Requirement
Set the listing down again in full, word for word, with the pictures left out.

Supplied data
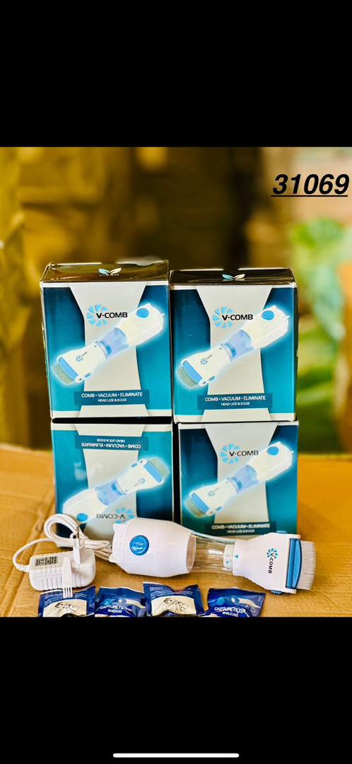 شانه الکتریکی شپش گیر V-COMB تنها راه درمان قطعی و اسان بیماری شپش و رشک با دستگاه و محلول است.دستگاه مکنده شپش و تخم شپش (رشک )بهترین روش درمان بیماری واگیردار شپش و تخم ان می باشد.شانه v-comb از دندانه های تماما استیل و ضد زنگ و نزدیک به هم و عاج دار تشکیل شده است و با قدرت مکش خوبی که دستگاه دارد شپش و مهم ترهمه تخم شپش را مپل جاروبرقی از موها جدا و به فیلتر دستگاه میفرستد .
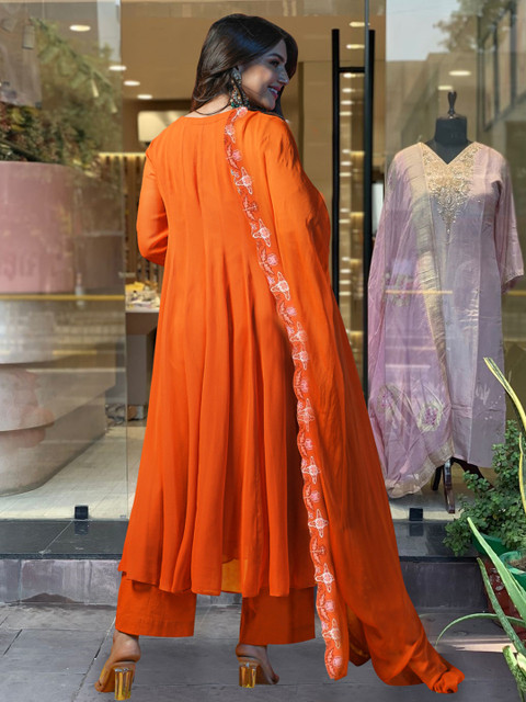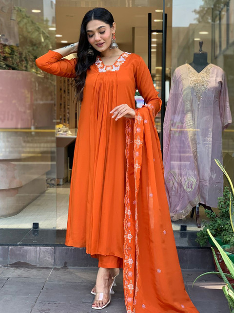 Orange & white embroidered Kurta with Trousers with dupatta
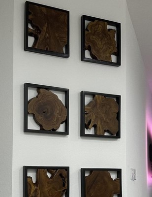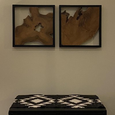 Olivia & May Set of 2 20"x15" Wood Abstract Handmade Live Edge Wood Slab Wall Decor with Black Frame Brown: Vertical Nautical Carved Art
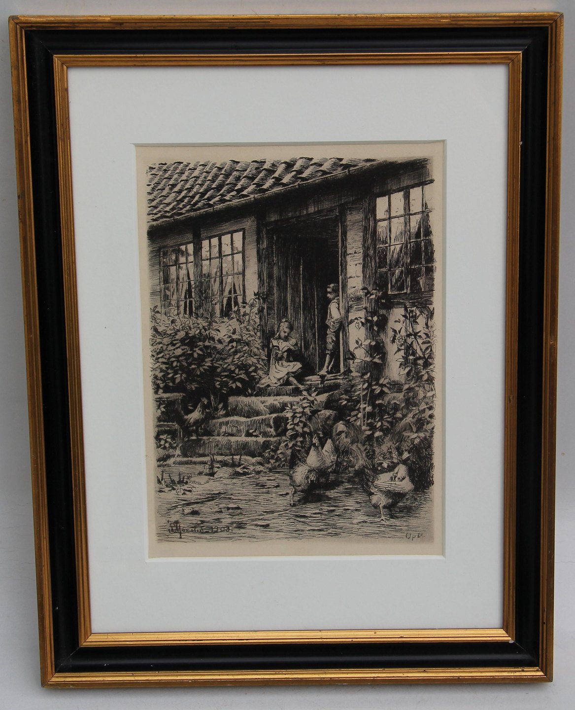 Radering: Peder Mønsted 1903 Paa Trappen 39 x 28 cm inklusiv træramm

Your response
 شانه الکتریکی شپش گیر V-COMB تنها راه درمان قطعی و اسان بیماری شپش و رشک با دستگاه و محلول است.دستگاه مکنده شپش و تخم شپش (رشک )بهترین روش درمان بیماری واگیردار شپش و تخم ان می باشد.شانه v-comb از دندانه های تماما استیل و ضد زنگ و نزدیک به هم و عاج دار تشکیل شده است و با قدرت مکش خوبی که دستگاه دارد شپش و مهم ترهمه تخم شپش را مپل جاروبرقی از موها جدا و به فیلتر دستگاه میفرستد .
 Orange & white embroidered Kurta with Trousers with dupatta
 Olivia & May Set of 2 20"x15" Wood Abstract Handmade Live Edge Wood Slab Wall Decor with Black Frame Brown: Vertical Nautical Carved Art
 Radering: Peder Mønsted 1903 Paa Trappen 39 x 28 cm inklusiv træramm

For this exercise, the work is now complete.